A coworker once dropped some particularly angry comments about a manager in the work chat instead of our private one. I panic post some inane shit to try and hide it before hurriedly tabbing over to the private chat to tell her to delete it. Too late. Along with a very clearly 'upset but trying to be professional' reply, there are some ominous words spoken about how this proves the existence of our private chat and action will be taken if this is the kind of thing being said in it. But it's clock out time for our manager and on a Friday so it gets shelved until Monday with no action taken.

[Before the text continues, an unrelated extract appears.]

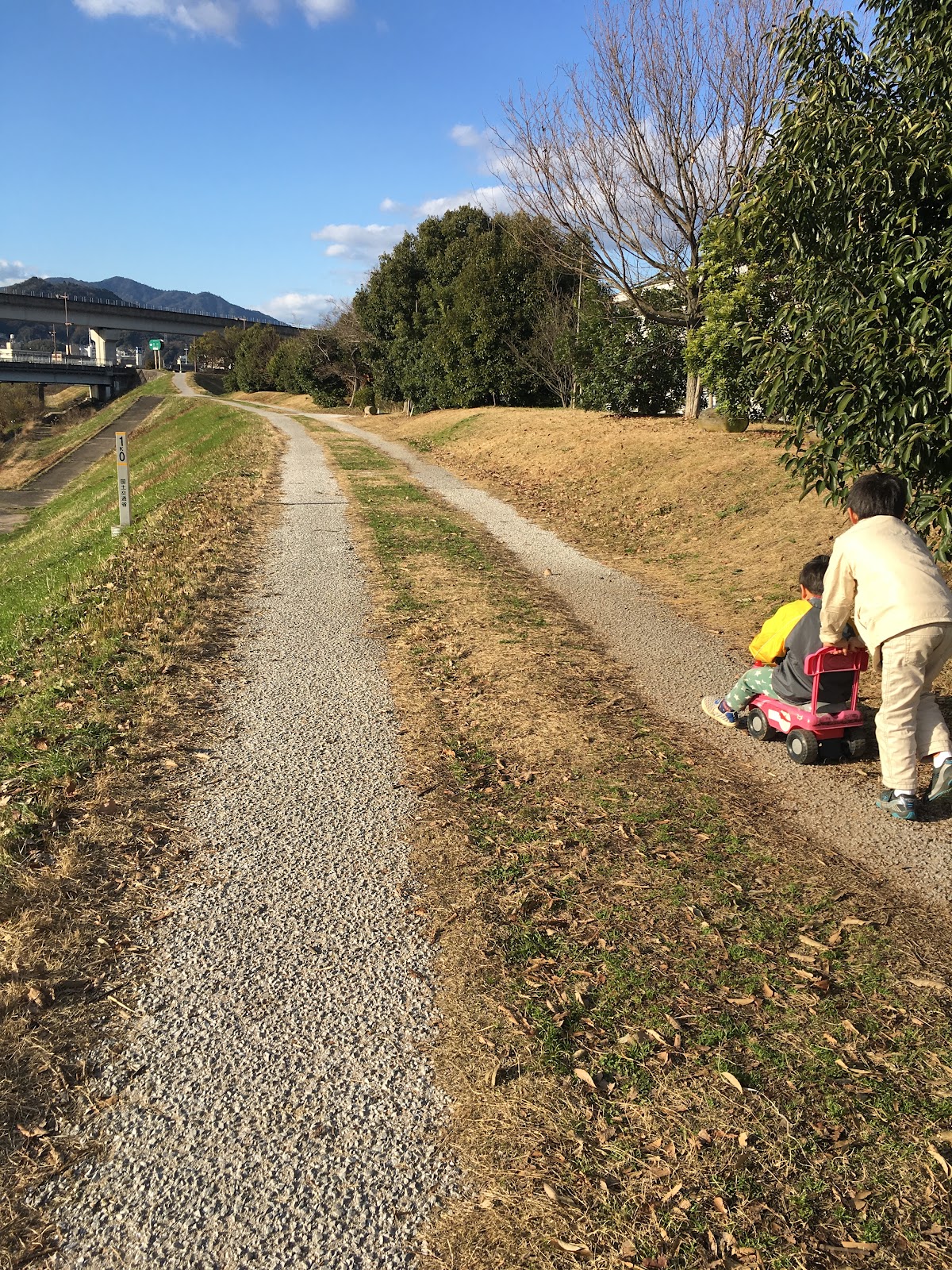 歩き疲れた下の子は進めないようなので、お兄ちゃんに押してもらいましょうか。

Our private chat wasn't exactly secure so there was fair chance our bosses would access to it. I spend the rest of my work hours that day scrubbing it of the most damaging things I had said while trying to leave enough unflattering stuff that it looked somewhat natural. It wasn't particularly spicy all told, it was mostly just "how to do x?" without sounding incompetent in front of people who dictate whether you get paid or not, but better safe than sorry. We're still sure that our coworker who dropped the bomb is going to get shit canned though.

Monday comes around and we're all waiting for the hammer to come down. Each moment that goes by we expect the retribution is going to be worse. Around midday I realize we've got a different manager than usual overseeing us, but the usual is still clocked in. I spot a bunch of higher ups have away messages saying they're in a meeting and have been for hours. Then in our work chat comes a "x is typing" from one of them, who very rarely says anything there. I message one of my coworkers putting my bet that this was it and to brace for punishment.

The typing message from this person goes on for a good 20 minutes. It's going to be a big one.

The message finally comes. Our coworker was fired.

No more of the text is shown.